2nd Grade Teachers College Reading Writing Project Informational Text
A Workshop Curriculum, Grades K-eight
Lucy Calkins and her Teachers College Reading and Writing Projection coauthors aim to prepare students for any reading and writing task they volition face up and to turn kids into life-long, confident readers and writers who brandish agency and independence. Lucy and her colleagues have drawn on their more than 30 years of enquiry and work in thousands of schools across the country and around the globe to develop powerful curriculum resources, instructional methods, and professional person learning opportunities to support teachers as they piece of work together and with their students toward these vitally important goals.
Why Workshop?
The Reading and Writing Project's arroyo to didactics recognizes that "one size fits all" does not match the realities of the classrooms and schools in which they work. When you walk into a workshop classroom at any given moment, you'll come across instruction that is designed to:
- aid teachers accost each child'south private learning,
- explicitly teach strategies students volition use not only the 24-hour interval they are taught, but whenever they need them,
- back up pocket-sized-group work and conferring, with multiple opportunities for personalizing instruction,
- tap into the power of a learning community as a way to bring all learners along,
- build option and assessment-based learning into the very design of the curriculum,
- help students work with engagement and then that teachers are able to coach individuals and lead modest groups.
The routines and structures of reading and writing workshop are kept simple and predictable and then that the teacher can focus on the complex work of instruction in a responsive manner to accelerate achievement for all learners.
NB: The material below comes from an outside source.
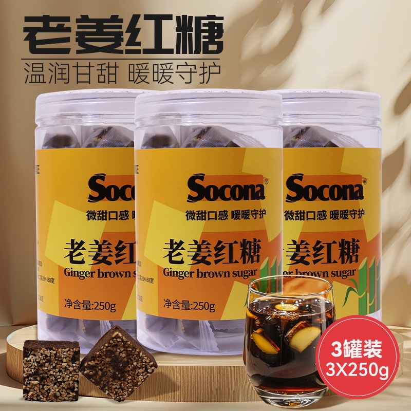 SOCONA老姜紅糖塊250g * 3缶純正手作りサトウキビジュース紅糖姜茶独立小包装

Reading and Writing Bill of Rights
- one
Above all, good teachers affair. Learners need teachers who demonstrate what information technology means to alive richly literate lives, wearing a love of reading and writing on their sleeves.
- 2
Students need a balanced approach to English/language arts, one that includes a responsive approach to the education of both reading and writing. Researchers have studied examples of exemplary literacy instruction. In every example, when they found a classroom with high literacy appointment, they establish balanced teaching in place.
- 3
Reading and writing need to be taught like other basic skills, with direct, explicit instruction— including spelling, conventions, and the skills and strategies of proficient reading and writing.
- 4
Readers need long stretches of fourth dimension to read, and writers need extended opportunities to write.
- v
Writers need to larn to utilize writing process: rehearsing, drafting, revising, editing, and publishing their writing. Readers need opportunities to consolidate skills so they can use skills and strategies with automaticity within fluid, engaged reading.
- vi
Writers deserve to write for existent, to write the kinds of texts that they see in the world, and to write to put significant onto the page. Readers need opportunities to read high-interest, accessible books of their own choosing.
- 7
Readers and writers need teachers to read aloud to them.
- eight
Students demand opportunities to talk and sometimes to write in response to texts.
- 9
Readers need to read increasingly complex texts appropriate for their course level and they need back up reading nonfiction and building a knowledge base and academic vocabulary through data reading.
- 10
Learners need clear goals and frequent feedback tailored specifically to them. They need to hear means their reading and writing is getting better and to know what their next steps might be.